One of the only things I ever got a trophy for was coming in third place as a third grader in the entire elementary school, K-6, in the first annual chess tournament they ever gave.

I learned how to play chess from my mom a few days after they announced that in a few weeks they were going to be having a chess tournament.

I'm not very good at chess compared to a computer, but when I'm playing people, I win far more often than I do not, so I'm not bad at it either, but the only thing that I had going for me is that when I would play, I would think about what I did allowed my opponent to do.

Technically, I did not lose a single game until I had played everyone, but the last two games ended in stalemates, and the judges didn't know that you don't decide the winner of a stalemate by the number of pieces on the board.

At the time, I didn't either, so for a brief moment, I thought I was first place. The only reason I didn't get first place was that with the other top three chess players having had the opportunity to play me once, they were able to beat me on the second go round.

Needless to say, my school was in a fairly rural, south-eastern location, and it's not exactly like they "promulgated excellence in education" or anything fancy like that. Most people there turned every single syllable word into a two or three syllable word just by their pronunciation.

I said all of that to say, in support of the conversation at hand, that having the ability to think about the consequences of your actions, to logically look at the board that is laid down at you, and what can happen because of what you choose to do, is one of the default characteristics of high IQ people.

And when you think about the consequences of policies such as:

Murdering women for having an abortion.

Criminalizing the use of birth control.

Assembling a team of shittroopers to hunt down legal immigrants and imprison them and then throw them out of the country without due process.

Allowing those same shit troopers to murder your own citizens in broad daylight on camera and go unpunished.

Failing to punish felons for their crimes and instead appointing them to the highest office in the country.

Looking the other way as that same felon gives kickbacks and tax breaks to his already absurdly ultra-rich buddies just for the funsies.

And so many more things that no single post can fairly describe them, then it becomes incredibly difficult to be even a moderately moral person and vote conservative.

I say that it is practically impossible to be anything like a moral person and vote for conservatism when you have the intelligence to see what conservatism stands for.

The grand majority of these people are what you call single issue voters, and that's because a single issue voter is too stupid to actually think about the issues.

Their thinking can barely handle anything more than, "immigrants = bad, trans = bad, abortion = bad, woke = bad".

They do not stand a chance against the propaganda machine that they paid $1400 for at the Apple Store, telling them what to think and making their conclusions for them and parroting what the computer told them to say.

I know I am also vulnerable to propaganda.
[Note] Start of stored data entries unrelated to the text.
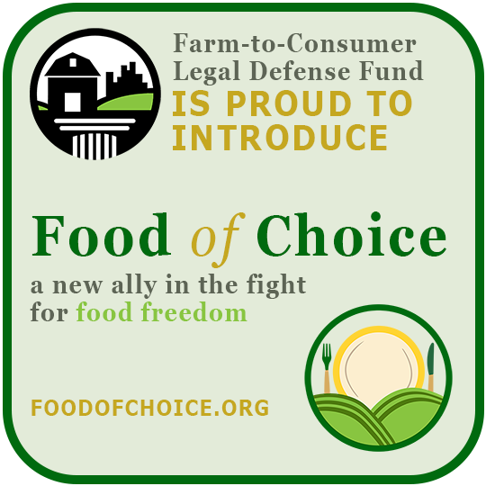 We are particularly excited to work with our new partner 501(c)(3) nonprofit Food of Choice, Inc: formed to protect the fundamental rights of individuals and communities to grow, raise, produce, prepare, and share the foods they choose. Food of Choice will focus on education and funding public interest litigation. Sign up to stay in the loop!
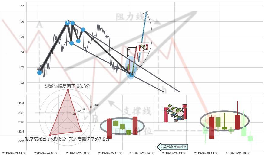 ➢ 🕰 价格走势在2019-07-30 09:30:00至2019-07-30 10:30:00期间形成曙光初现形态,残存影响值:8.09
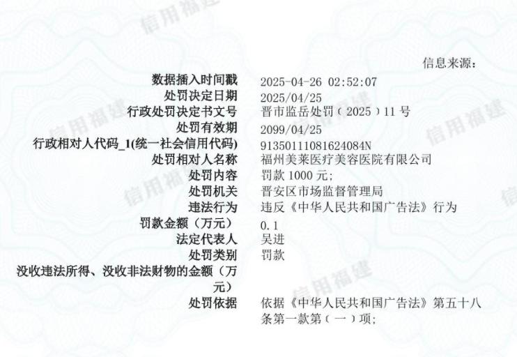 台海网4月29日讯 根据福州市晋安区市场监督管理局近日发布的行政处罚信息公开表(晋市监岳处罚〔2025〕11号)显示,因违反《中华人民共和国广告法》行为,对福州美莱医疗美容医院有限公司罚款1000元。
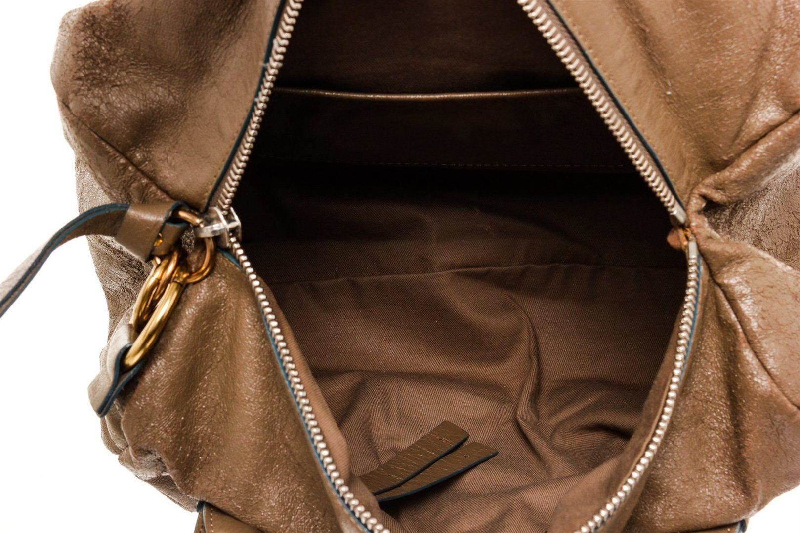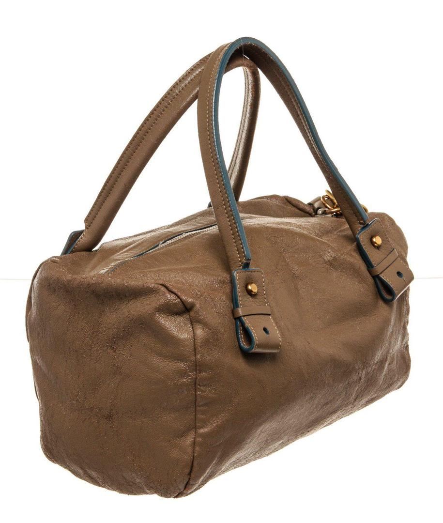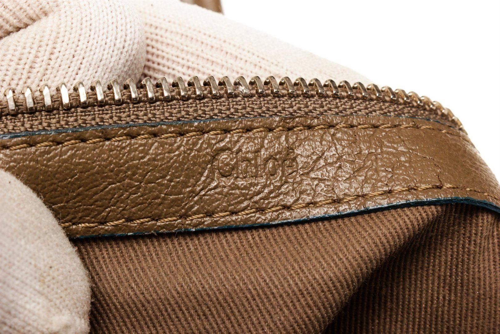 Chloe Brown Gold Leather Logo Eclipse Bost Travel Bag with material leather, gold-tone hardware, interior slip pocket, lining leather, shoulder strap and zipper closure.
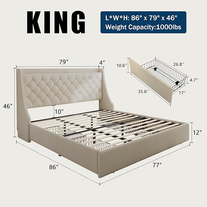 King Size Bed Frame with 4 Storage Drawers, Giant Upholstered Wingback Headboard, Fast Charging Station, No Box Spring Needed, Noise-Free, Beige
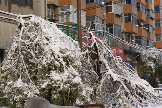 11月11日,受強冷空氣影響,我市遭遇凍雨、大雪災害天氣,市區各游園、廣場及道路樹大量出現倒伏、斷枝等現象,導致部分交通受阻,通信、電力中斷,給群眾生產、生活帶來不利影響,經濟損失和生態損失巨大。據不完全統計,市區游園、廣場和道路約90%以上的喬木出現斷枝、倒伏、斷頭、劈裂等現象,直接經濟損失達2000多萬元。
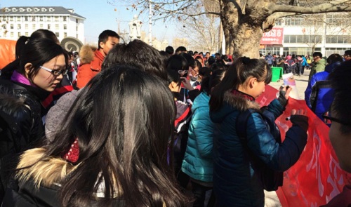 中午12点,队员们在学生去食堂的必经之路上举办了为“高考加油,签字送书签”的活动,活动现场非常火爆,参加活动学弟学妹们也是络绎不绝,签下自己的名字,领取精美的书签。
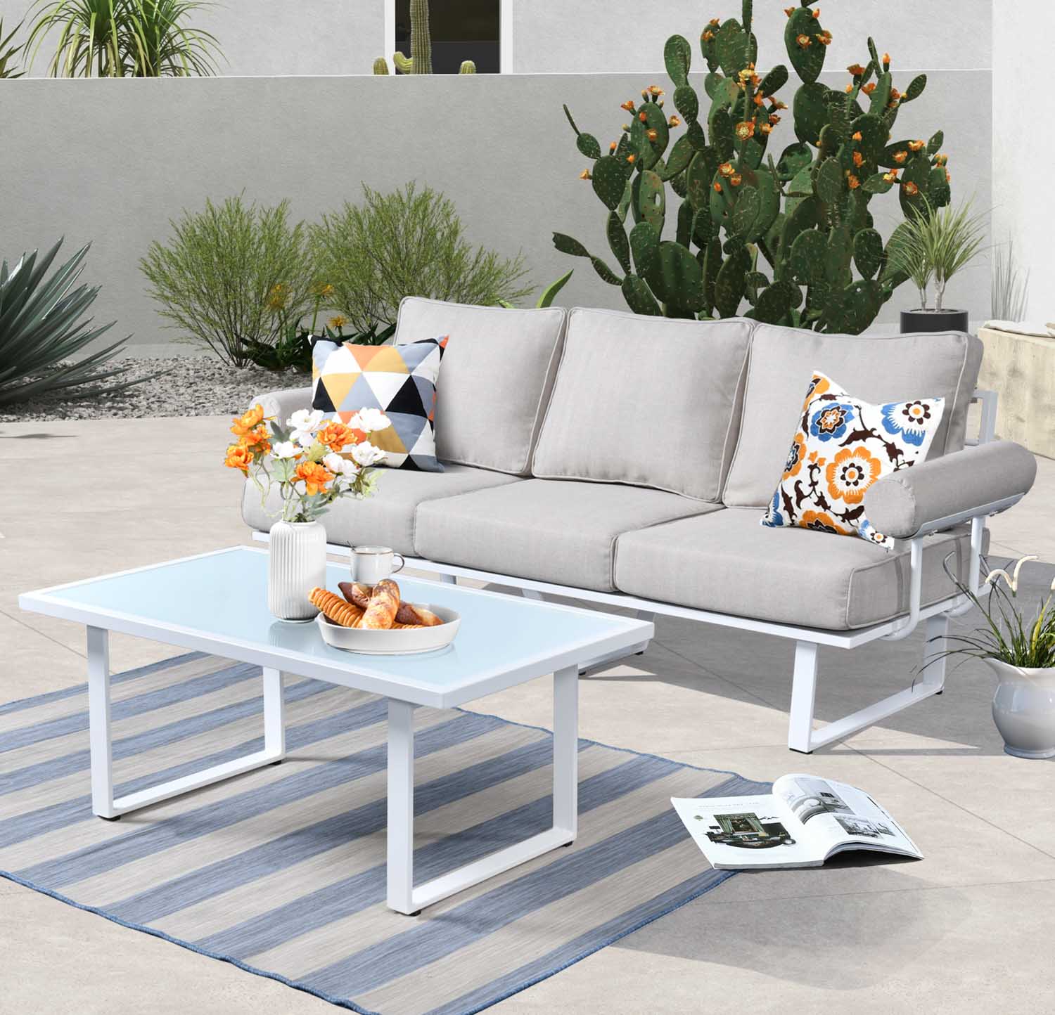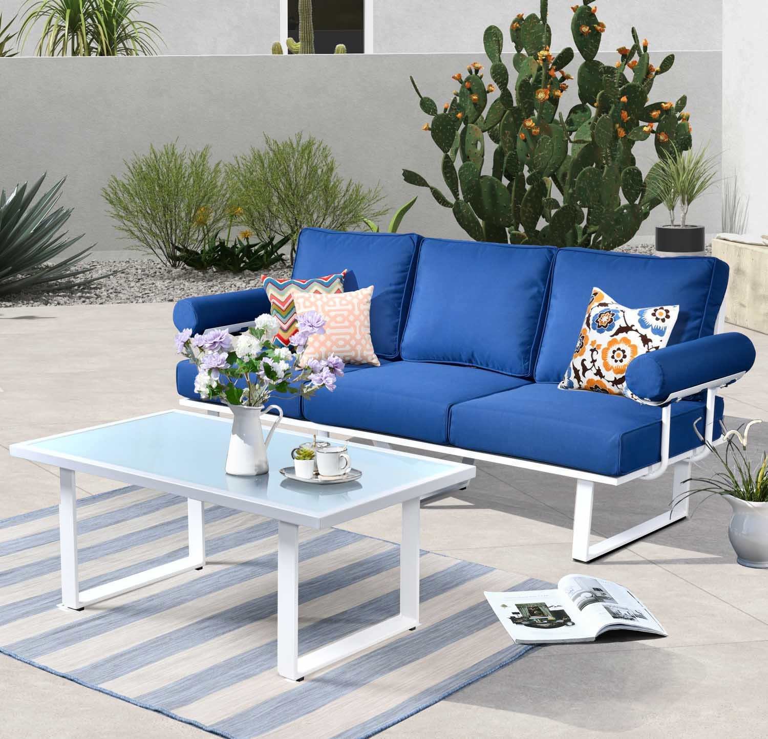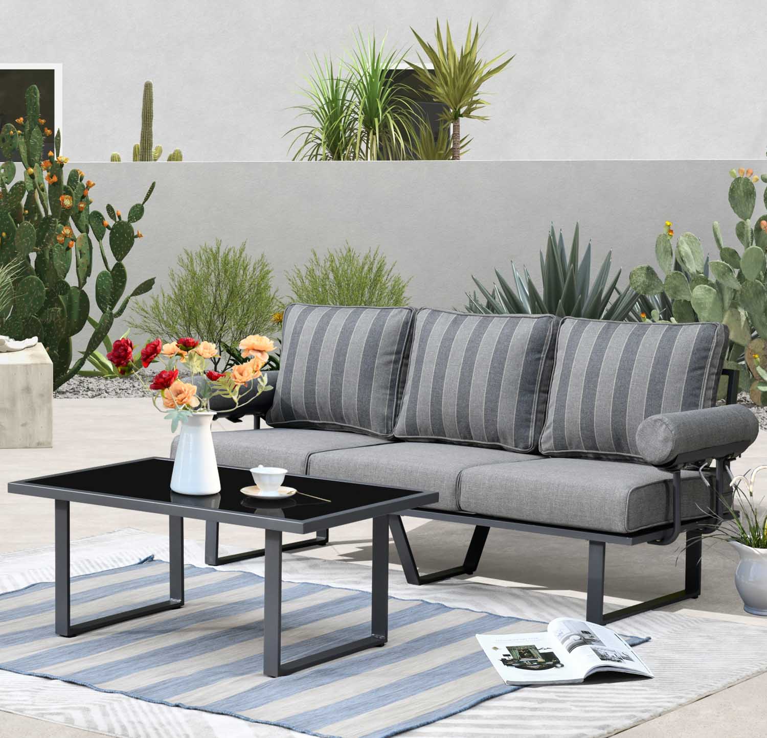 Ovios Patio Bistro Set Couch with Table, Aluminum Frame, 5'' Cushion

I am not trying to prop up the other side. I am just saying that conservatism has, by and large, always been the party of making the rich white people richer and whiter, and the only reason why the grand majority of people support them is either because they hope to one day be the richer, whiter person or they have been conned by the rich white people.

And although you can easily fool smart people, smart people tend to be more likely to see through the con.

[–] bizarroland@lemmy.world 9 points 1 day ago

My apologies for the two+ page rant.

If you don't want to read that, here's the TLDR:

Intelligent people are likely to consider the consequences.

When you consider the consequences of allowing the current conservative party to be in office, it's unconscionable.

They are a bunch of scheming, disgusting, morally reprobate, terrible, and foul former schoolyard bullies who fight for the opportunity to have a job where they scream at decibel ratings higher than their IQ could ever hope to be.

Who in their right mind would ever want that to represent them?